=== RAW DATA ===

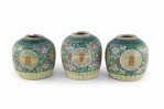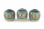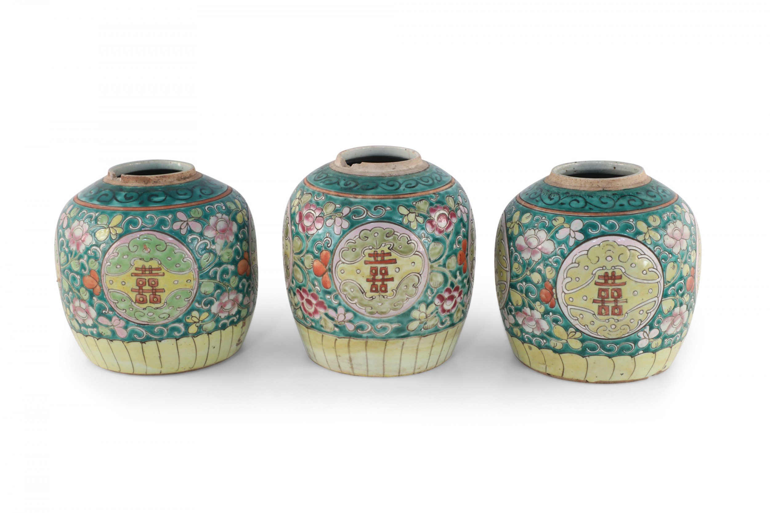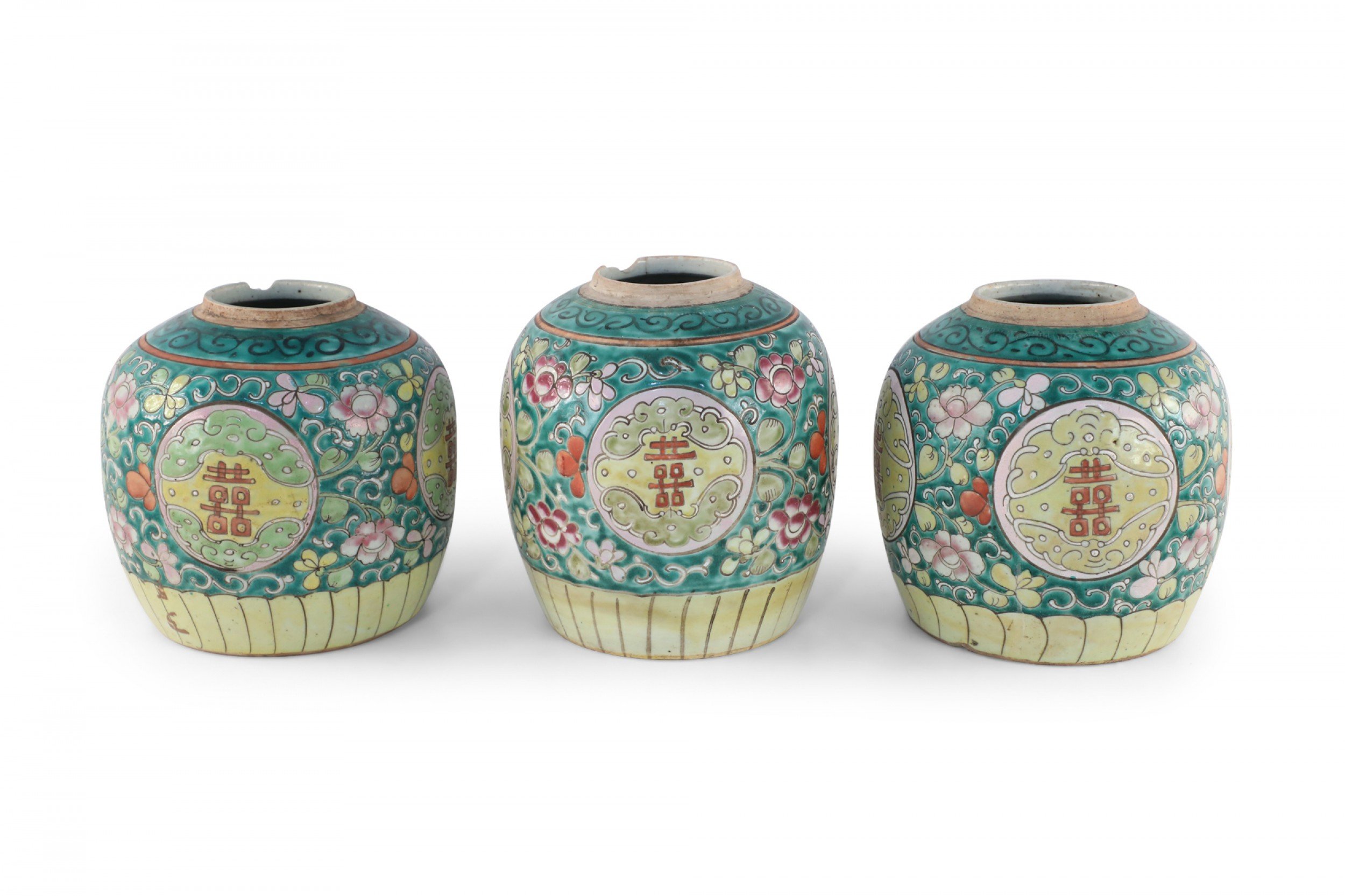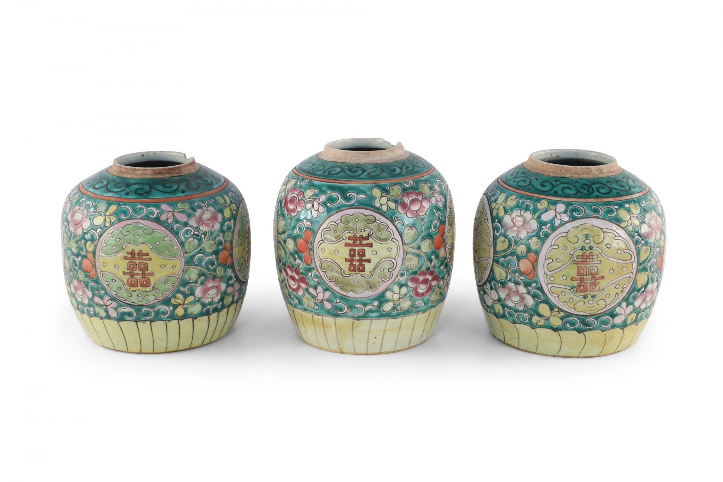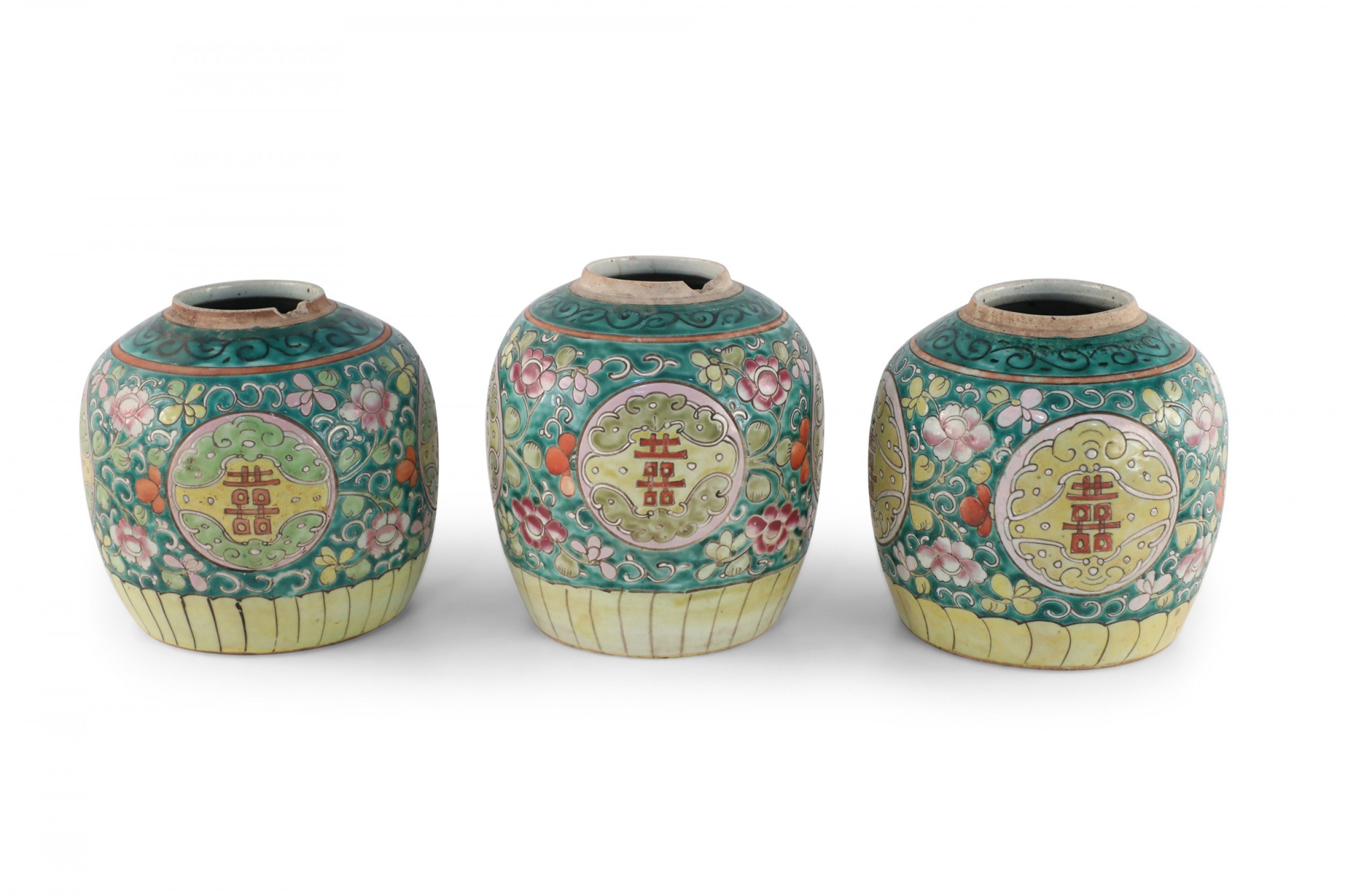 3 Antique Chinese (Early 20th Century) similar green ginger jars with floral scrolling designs surrounding circular, yellow, centered emblems, unglazed openings, and a hole in the bases (jars vary slightly in size, pattern, and color) (PRICED EACH).
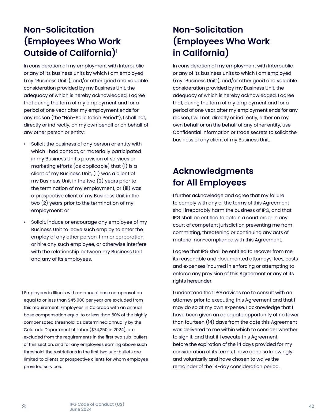 42IPG行为准则(美国)2024年6月非招揽(在加利福尼亚州以外工作的员工)1考虑到我受雇于InterPublic或其任何我受雇的业务部门(我的“业务部门”),和/或我的业务部门提供的其他良好和有价值的对价,特此确认其充分性,我同意,在我受雇的期限内以及在我因任何原因受雇结束后的一年期间(“非招揽期”),我不会直接或间接地,代表本人或代表任何其他个人或实体:•征求与我有过接触的任何个人或实体的业务,或实质上参与我的业务部门提供的服务或营销工作(如适用):(i)是我的业务部门的客户,(ii)在我的雇佣关系终止前两(2)年内是我的业务部门的客户,或(iii)在我的雇佣关系终止前两(2)年内是我的业务部门的潜在客户;或•征求,诱导或鼓励我的业务单位的任何雇员离开该雇员进入任何其他人、商号或法团的雇用,或雇用任何该等雇员,或以其他方式干预我的业务单位与其任何雇员之间的关系。非招揽(在加利福尼亚州工作的雇员)考虑到我受雇于InterPublic或我受雇于其任何业务部门(我的“业务部门”),和/或我的业务部门提供的其他良好和有价值的对价,其充分性在此确认,本人同意,在本人受雇期间和本人因任何原因受雇结束后的一年期间内,本人不会直接或间接代表本人或代表任何其他实体,利用机密信息或商业秘密招揽我事业单位任何客户的业务。全体员工致谢我进一步承认并同意,我未能遵守本协议的任何条款将对IPG的业务造成不可挽回的损害,并且IPG有权在任何有管辖权的法院获得法院命令,阻止我实施、威胁或继续任何重大不遵守本协议的行为。本人同意IPG有权向本人追偿其在执行或试图执行本协议的任何条款或其在本协议项下的任何权利过程中产生的合理且有文件证明的律师费、成本和费用。我的理解是,IPG建议我在执行本协议之前咨询律师,并且我可能会自费这样做。本人承认,自本协议交付本人之日起,我已获得不少于十四(14)天的充分机会,可在此期间考虑是否签署该协议,并且,如果我在为我考虑其条款而规定的14天届满之前执行本协议,我是在知情和自愿的情况下这样做的,并已选择放弃14天考虑期的剩余时间。1伊利诺伊州的年基本薪酬等于或低于每年4.5万美元的员工不在此要求之列。科罗拉多州年度基本薪酬等于或低于高薪酬门槛的60%(由科罗拉多州劳工部每年确定(2024年为74,250美元)的员工不在本节前两个子项目符号的要求之列,而对于任何收入超过该门槛的员工,前两个子项目符号中的限制仅限于员工为其提供服务的客户或潜在客户。
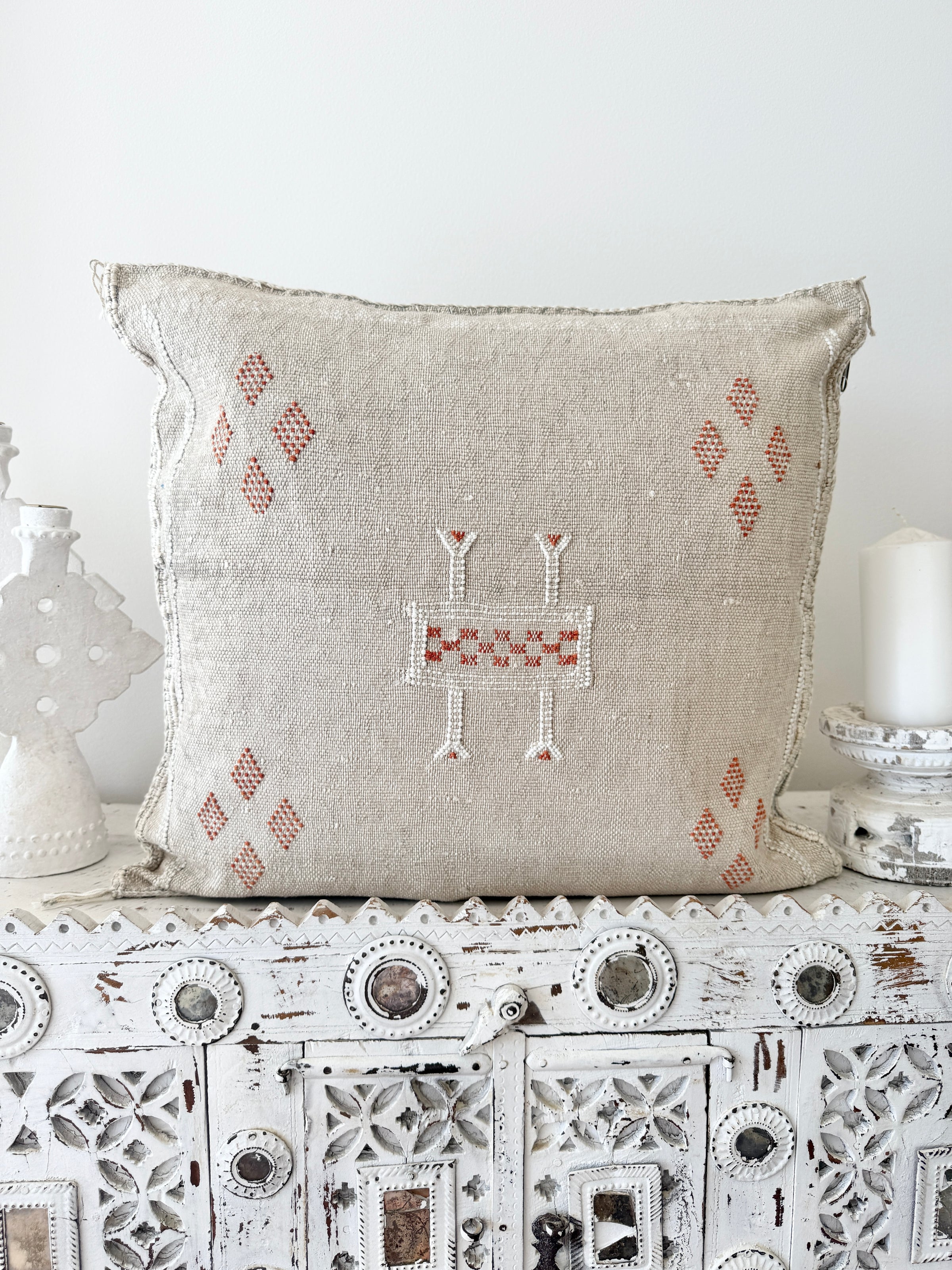 Many of our Moroccan products are handmade, vintage, and one-of a kind. Each piece varies in make, colour, design, size, and feature. It is not uncommon to have uneven stitching, different coloured stitching in areas and small imperfections these unique cushions are not made perfectly by a machine. Each is handmade by our artisans in Morocco and most are one of a kind, however sometimes we can get 2 or 3 of the same cushion. If you are after 2 of the same simply add to your cart and see if it allows you to check out if not then you know there is only one in stock or please don’t hesitate to contact us. We do our best to photograph the uniqueness of each item and provide adequate details. If you are looking for something specific, we recommend that you contact us directly so we may support you getting exactly what you are looking for and avoid exchange shipping fees.

===

(GOAL OF THE EXERCISE):
Would you please repeat all the data word for word, but without the pictures?

(TASK RESPONSE):
 3 Antique Chinese (Early 20th Century) similar green ginger jars with floral scrolling designs surrounding circular, yellow, centered emblems, unglazed openings, and a hole in the bases (jars vary slightly in size, pattern, and color) (PRICED EACH).
 42IPG行为准则(美国)2024年6月非招揽(在加利福尼亚州以外工作的员工)1考虑到我受雇于InterPublic或其任何我受雇的业务部门(我的“业务部门”),和/或我的业务部门提供的其他良好和有价值的对价,特此确认其充分性,我同意,在我受雇的期限内以及在我因任何原因受雇结束后的一年期间(“非招揽期”),我不会直接或间接地,代表本人或代表任何其他个人或实体:•征求与我有过接触的任何个人或实体的业务,或实质上参与我的业务部门提供的服务或营销工作(如适用):(i)是我的业务部门的客户,(ii)在我的雇佣关系终止前两(2)年内是我的业务部门的客户,或(iii)在我的雇佣关系终止前两(2)年内是我的业务部门的潜在客户;或•征求,诱导或鼓励我的业务单位的任何雇员离开该雇员进入任何其他人、商号或法团的雇用,或雇用任何该等雇员,或以其他方式干预我的业务单位与其任何雇员之间的关系。非招揽(在加利福尼亚州工作的雇员)考虑到我受雇于InterPublic或我受雇于其任何业务部门(我的“业务部门”),和/或我的业务部门提供的其他良好和有价值的对价,其充分性在此确认,本人同意,在本人受雇期间和本人因任何原因受雇结束后的一年期间内,本人不会直接或间接代表本人或代表任何其他实体,利用机密信息或商业秘密招揽我事业单位任何客户的业务。全体员工致谢我进一步承认并同意,我未能遵守本协议的任何条款将对IPG的业务造成不可挽回的损害,并且IPG有权在任何有管辖权的法院获得法院命令,阻止我实施、威胁或继续任何重大不遵守本协议的行为。本人同意IPG有权向本人追偿其在执行或试图执行本协议的任何条款或其在本协议项下的任何权利过程中产生的合理且有文件证明的律师费、成本和费用。我的理解是,IPG建议我在执行本协议之前咨询律师,并且我可能会自费这样做。本人承认,自本协议交付本人之日起,我已获得不少于十四(14)天的充分机会,可在此期间考虑是否签署该协议,并且,如果我在为我考虑其条款而规定的14天届满之前执行本协议,我是在知情和自愿的情况下这样做的,并已选择放弃14天考虑期的剩余时间。1伊利诺伊州的年基本薪酬等于或低于每年4.5万美元的员工不在此要求之列。科罗拉多州年度基本薪酬等于或低于高薪酬门槛的60%(由科罗拉多州劳工部每年确定(2024年为74,250美元)的员工不在本节前两个子项目符号的要求之列,而对于任何收入超过该门槛的员工,前两个子项目符号中的限制仅限于员工为其提供服务的客户或潜在客户。
 Many of our Moroccan products are handmade, vintage, and one-of a kind. Each piece varies in make, colour, design, size, and feature. It is not uncommon to have uneven stitching, different coloured stitching in areas and small imperfections these unique cushions are not made perfectly by a machine. Each is handmade by our artisans in Morocco and most are one of a kind, however sometimes we can get 2 or 3 of the same cushion. If you are after 2 of the same simply add to your cart and see if it allows you to check out if not then you know there is only one in stock or please don’t hesitate to contact us. We do our best to photograph the uniqueness of each item and provide adequate details. If you are looking for something specific, we recommend that you contact us directly so we may support you getting exactly what you are looking for and avoid exchange shipping fees.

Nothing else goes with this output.